2. Make the ordinary extraordinary

Keeping an open mind on how to leverage the environment around you is key to doing great work. A simple tire and rope combined with the right expression gave these images a sense of movement and life. Both are slightly awkward objects with no classic way to photograph them so being open to experiment until the image makes sense is key to getting great shots.

Nikon D800E | 70-200mm f/2.8 | Broncolor Move 1200 L & Scoro S 3200

3. Use Edgy Lighting

When you’re trying to carve out muscle and definition hard edgy and directional lighting works best to create definition on your subjects.

In my case I used 4 lights to achieve the effect I wanted, but you can pull off something pretty similar with just two lights in soft boxes 90 degrees from your models.

Bron LightningSetUp 7

4. It’s all about communication

Tweak the lighting and camera as much as you want to prep your set, but once everything is all ready to go, there’s no need to chimp at your screen. Focus on talking your model through different movements, exercises, expressions especially if they’re not professional models.

Even if they are, letting them know that they’re looking amazing as you’re shooting as helpful as coffee in the morning.

Nikon D800E | 70-200mm f/2.8 | Broncolor Move 1200 L & Scoro S 3200

5. Keep the postproduction clean

Regardless if you go for a black and white or colour, the main focus of the image has to always be the subject in question. Make sure that distractions are removed and that your subjects pop into focus first and foremost.

In my case, any distracting or bright raindrops were toned down just a little bit and a soft vignette was masked in so that my subjects in the centre would pop out just a little bit more.

6. Think out of the box

There are no rules if the only requirement is to make people look awesome. Don’t limit yourself to the same safe shots, try different things.

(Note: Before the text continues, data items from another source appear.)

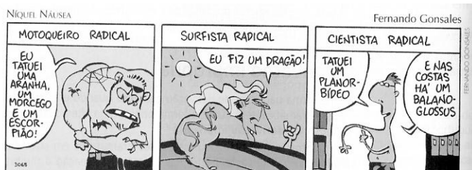
GONSALES, Fernando. Niquel Náusea — Botando os bofes de fora . São Paulo: Devir, 2002. p. 43.

planorbídeo: molusco gastrópode de água doce. balanoglossus: protoctólido vermiforme cosmopolita marinho.
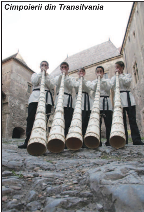
Cimpoierii din Transilvania

REVISTĂ LUNARĂ EDITATĂ DE EDITURA MUZICALĂ CU SPRIJINUL UCMR-ADA DIN FONDUL SOCIAL CULTURAL ȘI ÎN COLABORARE CU U.N.M.B.
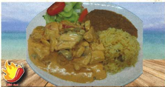
Pechuga de pollo guisada con tomate, cebolla, chile campana, chile jalapeño y hongos, con un toque de salsa diablo y crema. POLLO CON CREMA 19.98
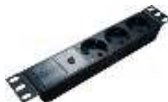
Светодиодный индикатор питания
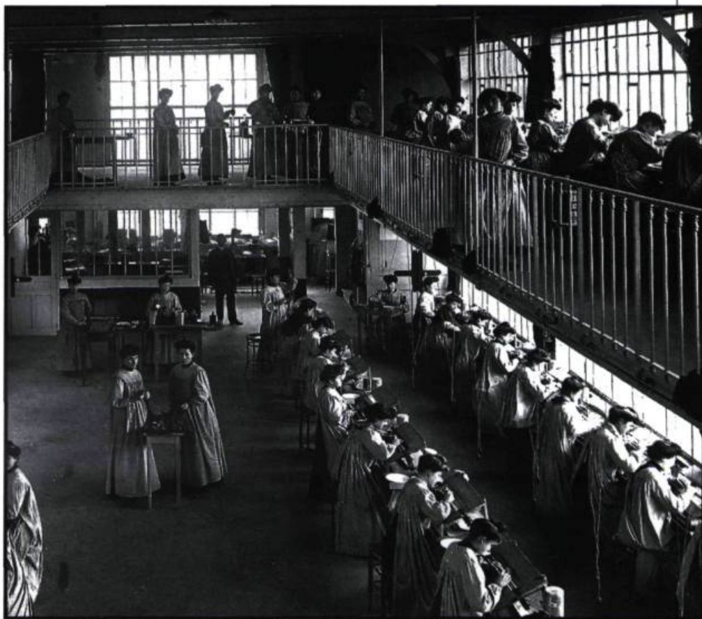
Atelier de coloris de l'usine Pathé de Vincennes.

En mars, les d'Hauterives transportent aussi leur «exposition de tableaux-rayons colorés» (sic) ( La Presse , 15 mars 1901) au Karn Hall (une salle vraisemblablement installée dans l'ouest de la ville, sur Ste-Catherine), puis à la salle Montcalm (rue St-Hubert) tout en continuant d'attirer les foules au Parc Sohmer la fin de semaine. Jusqu'en avril, ils repassent leurs films en couleur et quittent ensuite le Québec au terme d'une tournée qui les a amenés à parcourir la province avec comme attraction principale ces «vues coloriées» qui attirent les foules. Fin 1901, les d'Hauterives présentent un film intitulé La guillotine , obtenu grâce à un «nouveau procédé de vues animées en couleurs naturelles»: «M. d'Hauterive [sic] nous a donné de très jolies vues
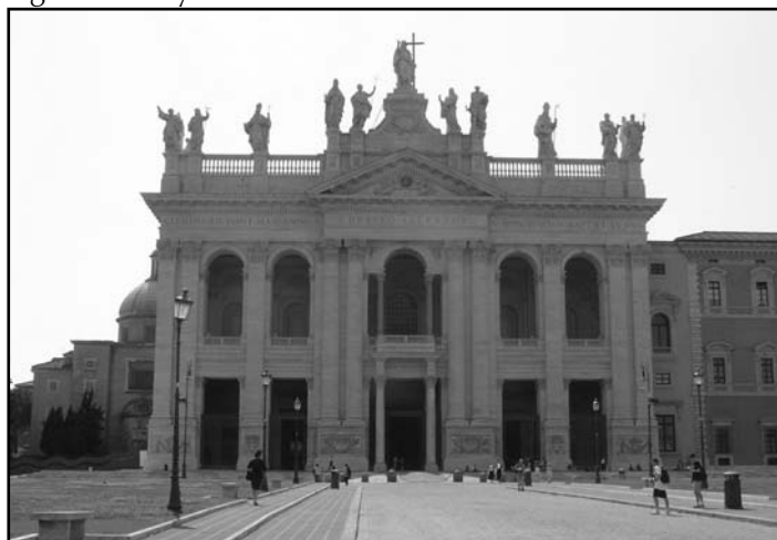
A Lateráni székesegyház minden templomok anyja és feje, valamint testvértemplomunk is
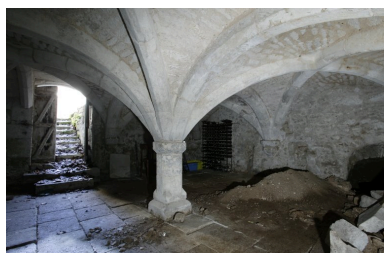
Sous-sol situé sous le bâtiment en fond de cour. IVR52_20078500071NUCA
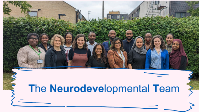
The Neurodevelopmental Team
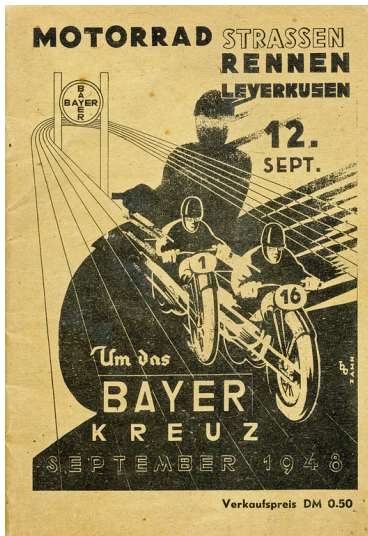
Titelseite des Programmhefts für das Motorrad-Rennen "Um das Bayerkreuz" am 12. September 1948 bei Leverkusen.
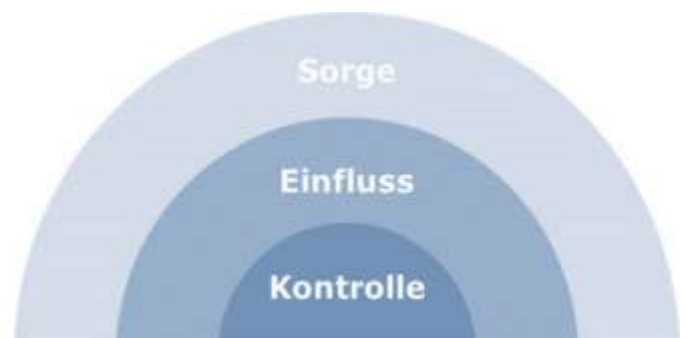
Abbildung 4: Das Modell "Circle of Control" (K. Drath, Resilienz in der Unternehmensführung, Haufe, 2016)
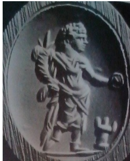
Obr. 66. Caracalla s rohem hojnosti
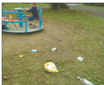
Niestety, na placu „uczują” też dorośli, pozostawiając po sobie stopy ordynarnych śmieci.
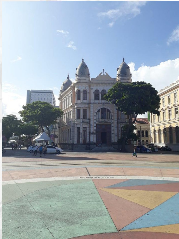
Figura 04 – Marco zero e Associação Comercial de Pernambuco

do Recife pode ser compreendida por sua identidade multifuncional, arquitetônica, ponto de convergência da sociedade recifense e de lazer que se expressam em sua potencialidade comercial, habitacional e pelo estilo eclético de sua arquitetura, no qual se pode constatar, exemplares como o Museu do Estado (esquina da Rui Barbosa com a rua Amélia), em que seu ecletismo está posto nos arcos góticos, no balcão românico, no torreão da fachada central, que lembra os castelos medievais (JORNAL DO COMERCIO, 2015). E outros como a Estação Central, o Gabinete Português de Leitura e o diário de Pernambuco. Há também o Museu Militar, sediado no Forte do Brum (1629), originalmente Forte do Bom Jesus.
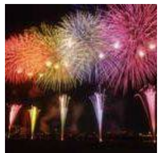
江戸川花火大会 (上篠崎一丁目付近)
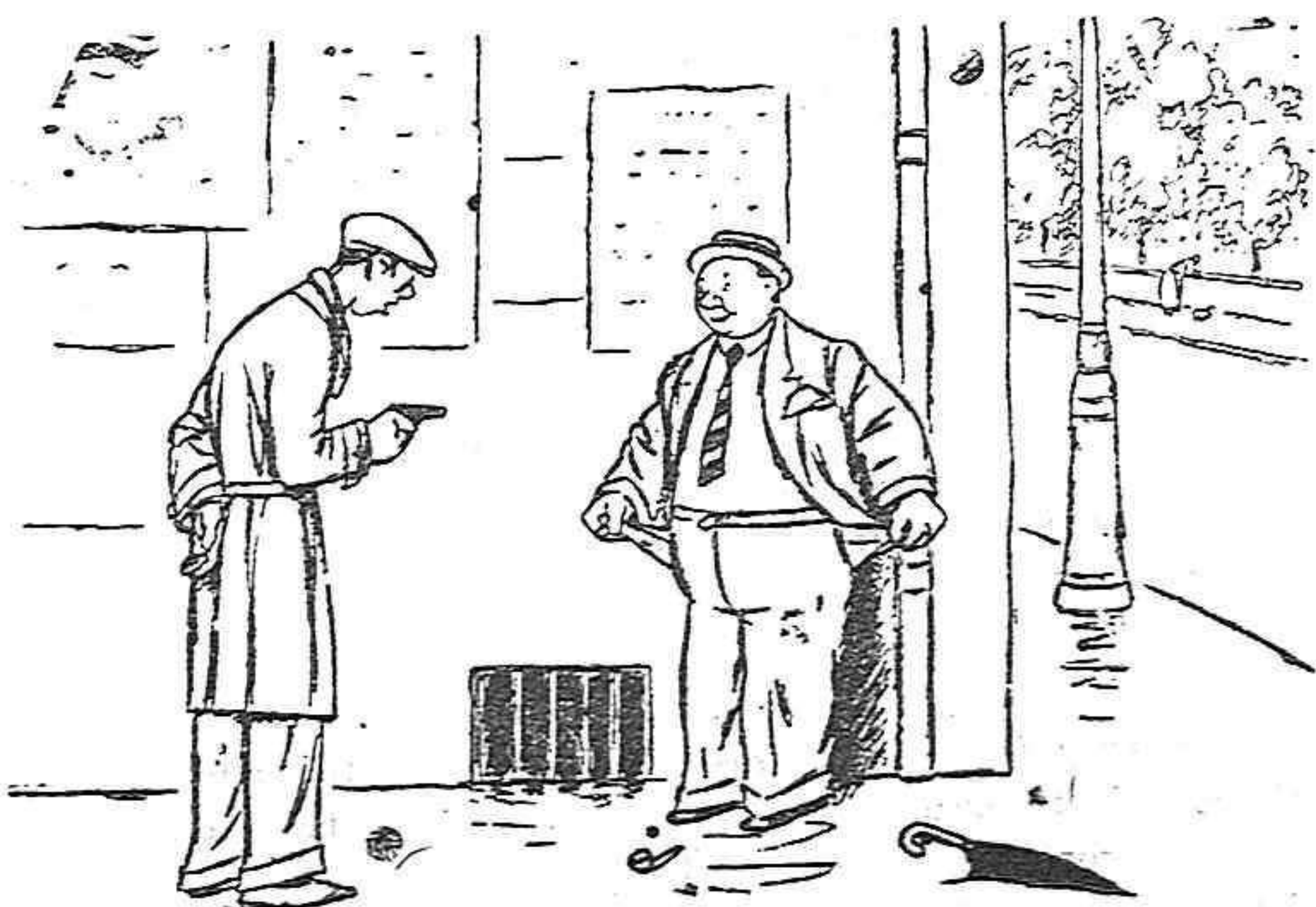
El atracador al irse. —¿De modo que después de estar aquí dos horas largas resulta que está usted «limpio»? Usted es un sirvergüenza. ¡Así no salí a la calle ninguna persona decente, señor!

El asunto se examinará de nuevo en otro Consejo."

You never know what you’ll discover.

In the shots below, we balanced a barbell bar between two ladders for the shot on the left to create a more dynamic position and on the right had our model simply jump while spinning in order to give the chains a more dynamic movement. Why not?

7. Oh and last but not least: Be Resourceful

There are a ton of ways to achieve a similar effect without thousands of dollars of gear. Don’t focus on the resources you don’t have, focus on being resourceful.

If you know your gear and understand it’s limitations you can work around it. For example, Speedlights have excellent flash durations when firing at low power.

I shot this in August 2009 with two speed lights and a bucket of water and a man wrapped in a black blanket.

Get out there, try it out. You just might surprise yourself.